6. File scanning software
View the "Help FScan" document
for more details.
There are 2 versions available to Scan ICARTT formatted files:
1. Web-based: http://www-air.larc.nasa.gov/cgi-bin/fscan
2. Standalone Version (Windows Only)
7. Responsibilities of data access
A major goal of this data management plan is to facilitate the
free exchange of data between and among various teams of researchers.
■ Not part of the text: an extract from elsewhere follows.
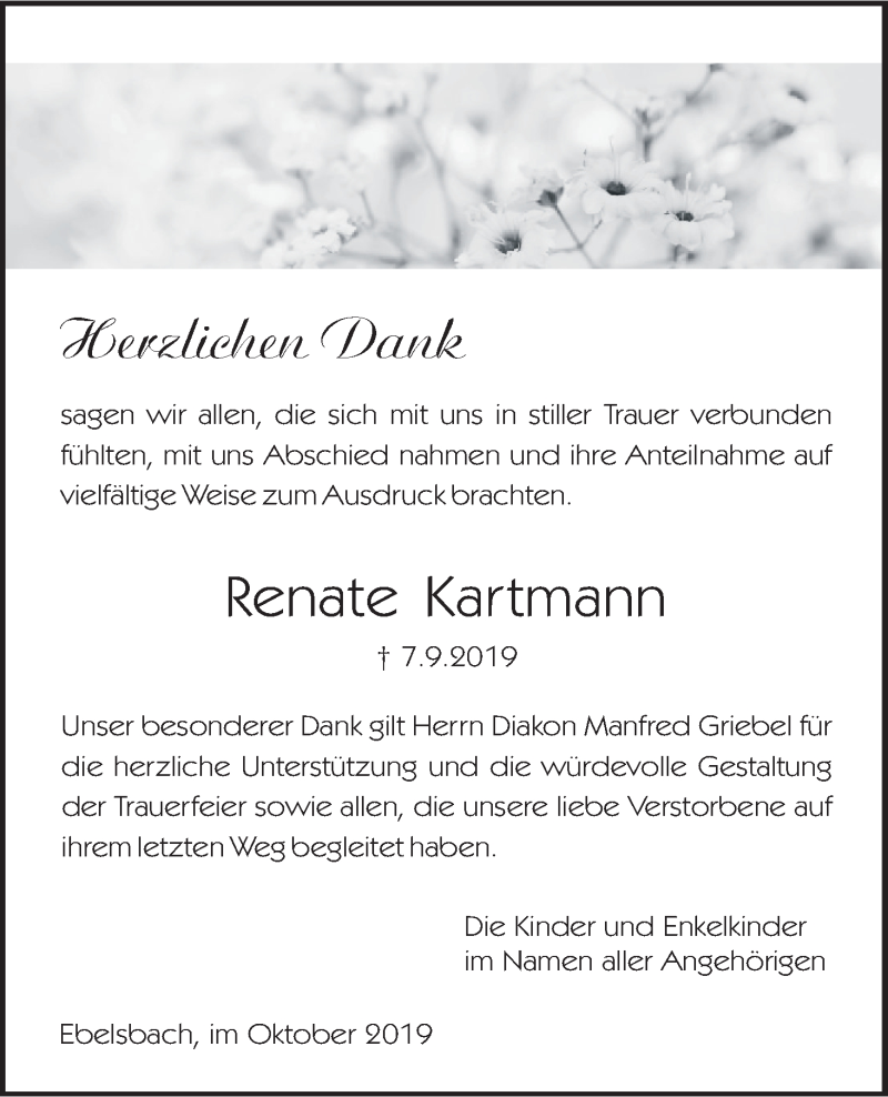 Hier finden Sie alle Traueranzeigen aus der Zeitung, die bisher für Renate Kartmann erschienen sind. Weitere Traueranzeigen, die in der Zeitung erscheinen, werden hier ebenfalls aufgelistet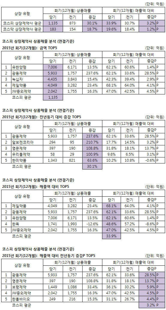 제약사별 지난해 상품매출= 유한양행(전기대비 835억 증가)은 ‘비리어드’(B형간염치료제, 198억) ‘스트리빌드’(HIV치료제, 93억) ’암비솜‘(항진균제, 84억) ’트라젠타 패밀리‘(당뇨병치료제, 54억) ’프리베나‘(폐렴치료제, 39억)등이, 광동제약(4,176억 증가)은 코리아이플랫폼(4,679억, 신규)이, 녹십자(591억 증가)는 ’바라크루드‘(B형간염치료제, BMS와 2015년 9월 1일 코프로모션)와 ‘알콕시아’(COX-2억제제, MSD와 코프로모션, 신규) 매출 증가분이 각각 작용했다.

The intention
of this data sharing is to broaden the interpretation of observations and to
exploit complementary data collected by different research teams. While this
level of access is desirable, there are clear responsibilities that come with
this access. It is appropriate and expected that researchers may browse all
data unfettered; however, once earnest research is pursued, it is essential
that relevant Principal Investigators will be made aware that their data are
being used. It is also expected that they will be offered co-authorship and
the opportunity to comment on the content of manuscripts prior to submission
for publication. It is imperative that Principal Investigators be consulted
when suspicious data are encountered or when interpretation of data becomes
dependent upon understanding the underlying technique.